Contributor's comments: French Knitting to me in Brisbane in the 60s was introduced to me by a teacher at my primary school. It involved finding an empty wooden cotton reel, putting four tiny nails in a square around the top of the hole and then weaving wool around the nails. A long tubular snake like knitted object would begin to appear from out of the bottom of the cotton reel. We tied them in our hair.

Contributor's comments: Also used in Darwin.

Contributor's comments: What's a 'Nancy"? In my childhood experience ('50's, Central Coast NSW), a wooden cotton-reel with a ring of panel-pins (brads) was the 'loom', with the tube of knitted wool slowly emerging from the bottom of the reel hole. I never did work out what one used the resulting "pyjama cord" for, though!

Contributor's comments: Used in London schools in 1940s.

Contributor's comments: Also used on King Island in the 60s.

Contributor's comments: French Knitting was one of many crafts taught in early primary school in mid-north SA. The output was used to make a range of 'useful' gifts such as tea-pot stands or cosy's when coiled.

Contributor's comments: I've never heard of a "nancy" (other than as a "dandy"), but French knitting was done by children in Sydney in the 1950s, using wooden cottonreels.

Contributor's comments: French knitting was a childhood activity in Melbourne in the '60's. The "Knitting (or maybe that's Nitting) Nancy" was the name of the commercial toy used in the same way as the cotton reel and nails.

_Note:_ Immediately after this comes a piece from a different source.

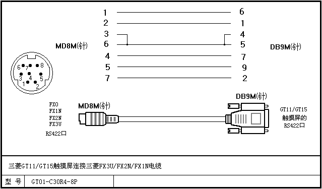 請教與FX系列PLC連接可以用 GT01-C30R4-8P 接線圖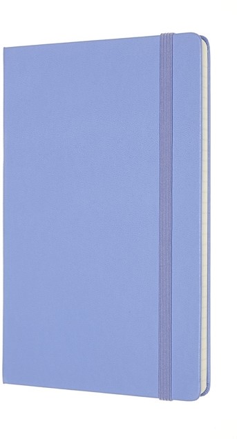 Kenmerken: afgeronde hoeken, elastische sluiting, ivoorkleurig Moleskine-papier, bijpassend leeslint, papier: 70 gsm, zuurvrij, “In geval van verlies”-label op het schutblad, uitbreidbaar binnenvak op achterkaft.

Contributor's comments: I had a "Knitting Nancy" in the 1960s in Melbourne. She was about 6-8cm long and painted to look like a girl. She was like a long thin cotton reel, but shaped in at the neck and waist. She also came with a wooden handled nail for "knitting" There was also yarn and instructions in the box. I didn't hear of the term french knitting until after I left Melbourne a few years later.